Intel Corporation (NASDAQ: INTC) is set to release its earnings results for the third quarter of 2019 on Thursday after the market closes. The results will be hurt by a fall in data-centric businesses as the chipmaker is struggling in the cloud segment as well as enterprise and government segments.
The company has remained the go-to-processor supplier for most PC manufacturers but was facing misfortune due to the ongoing chip shortage. This has frustrated many PC makers, who turned towards Advanced Micro Devices (NASDAQ: AMD) for chips. The CPU shortage is likely to ease by the start of the fourth quarter of 2019.
Intel has been spending substantially greater amounts on marketing and research and development. This is likely to lift the expenses for the company. For maintaining the market position, the company will continue to invest heavily in R&D, new manufacturing facilities, and marketing.
Looking forward in the artificial intelligence and autonomous automotive space, the company began focusing on a string of strategic purchases. For the long term, Intel is tightening the competition string by deciding to sell 5G smartphone modem business to Apple (NASDAQ: AAPL).
Analysts expect the company’s earnings to drop by 11.40% to $1.24 per share and revenue will decline by 6% to $18.05 billion for the third quarter. The company has surprised investors by beating analysts’ expectations in all of the past four quarters. The majority of the analysts recommended a “buy” rating with an average price target of $53.13.
For the second quarter, Intel reported a 17% drop in earnings due to lower revenue. The results exceeded the company’s expectations as the growth of data and compute-intensive applications are driving customer demand for higher performance products in both PC centric and data-centric businesses.

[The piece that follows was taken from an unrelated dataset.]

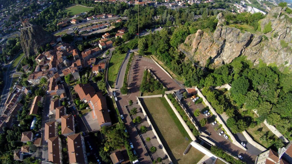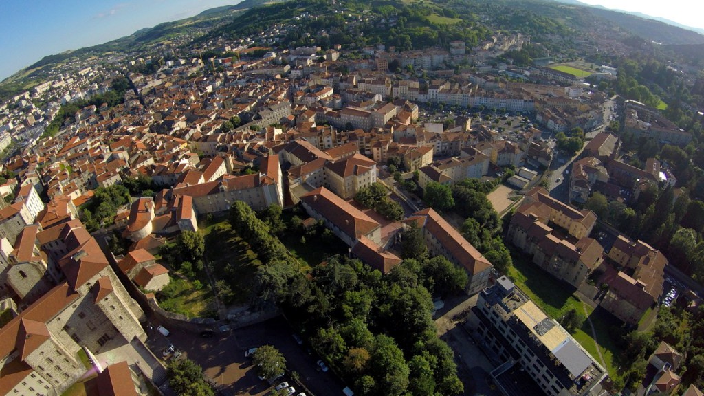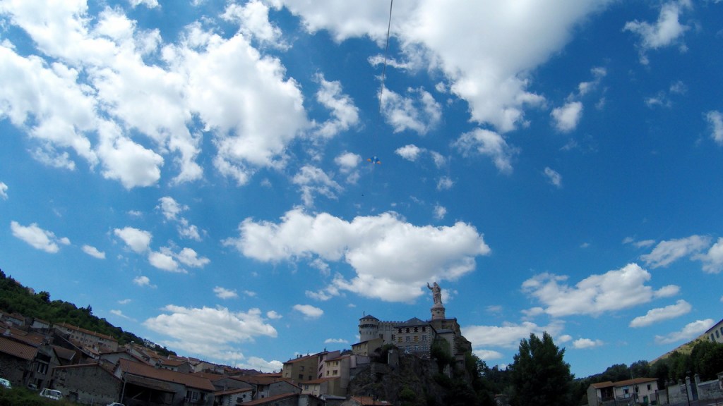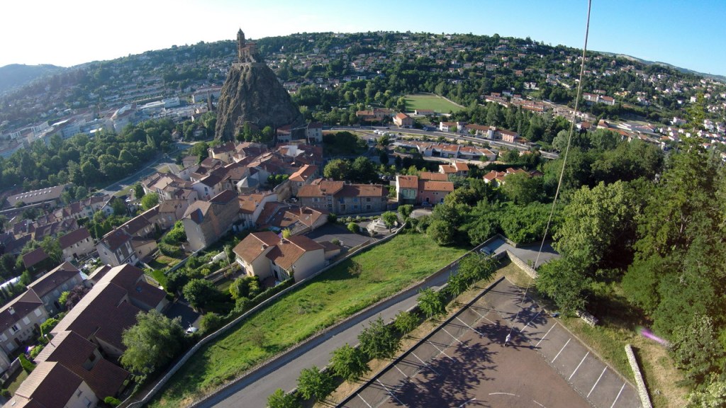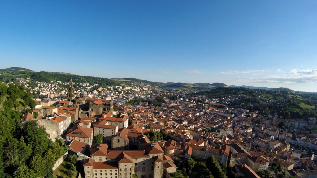 Pour réaliser cette photo, j’ai du arpenter la ville en long et en large pendant une journée (prés de 25km à pied et à vélo). Le challenge était de taille : déterminer un espace dégagé permettant un envol et un survol sans risques, évaluer les vents en fonction des heures et de la position du soleil (lumière), définir le meilleur angle de vol pour photographier le plus de monuments possibles (et ils sont nombreux au Puy en Velay).

For the third quarter, the company expects GAAP EPS of $1.16, adjusted earnings of $1.24 per share and revenue of about $18 billion. For the full year 2019, the company lifted revenue outlook by $500 million to $69.5 billion and adjusted earnings guidance by 5 cents to $4.40 per share. The GAAP earnings for the full year is now anticipated to be $4.10 per share, lower than the prior estimate of $4.14 per share.